日本は位置的条件、地形的条件などの理由で、地震などの自然災害が発生しやすい国だが、どの災害を観ても犠牲者の救出活動や捜索活動に違和感を強く感じていたので、他人の命を奪った無期懲役囚という身分ではあるが、今後の災害のために提言をさせて頂く。

 これまで大地震を筆頭に、台風、大雨、土砂崩れなどの自然災害が立て続けに発生していると感じているのは私だけではないだろう。沢山発生した災害の中で特に私の記憶に残っているのが、平成二十六年九月二十七日に噴火した御嶽山の災害で、登山客などが犠牲になり、多くの命が失われてしまった。
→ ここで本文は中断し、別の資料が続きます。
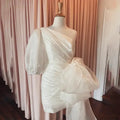 Short Mermaid Wedding Party Dresses One Shoulder Pleat Bridals Gowns with Bow Evening Gowns vestido de noiva casamento

突然の噴火で逃げ遅れてしまった人たちが、何を思いながら亡くなって逝ったかを想像すると、無念としか言いようがない。

当然、何とか助かりたいと思ったはずだし、誰でもいいから助けに来てほしいと、最後の瞬間まで思っていたはずだが、もう助からないと覚悟した最後には、残して逝かなければいけない大切な人たちの事を思っていたに違いない。

それに、犠牲者の家族や友人、更に恋人たちは、自分の大切な人が災害に巻き込まれてしまった事実を知らされた時に、どんな思いで報道される被災地での救出、捜索活動の様子を見守っていた事かを思うと、全くの他人で無期懲役囚という身分の私でも、心が痛んだ事を思い出す。

代弁するまでもなく、無事に戻って来る事を強く願っていたと思う。

 そんな人たちの気持ちを知ってか知らずか、気をもませる救出、捜索態勢に苛立ちと憤りを感じていたのは、私だけではないと思う。

何故なら、当時の首相、安倍総理は御嶽山の噴火直後の記者会見で『政府として全力で対応します』と発表していたはずだが、報道によると、最初に被災地で救助、捜索活動に当てられた人員は、わずか三百人態勢でしかなく、実際の活動内容にしても、火山ガスの臭いが強いため、救出、捜索活動を打ち切ったとか、雨が降ってきて二次災害の恐れがあるため、救出、捜索活動を打ち切ったなどの連続で、災害に巻き込まれ一刻も早い救出を待つ人たちの命を、救うつもりがないのかと、報道内容にイライラしながら毒突いていたのを、よく覚えている。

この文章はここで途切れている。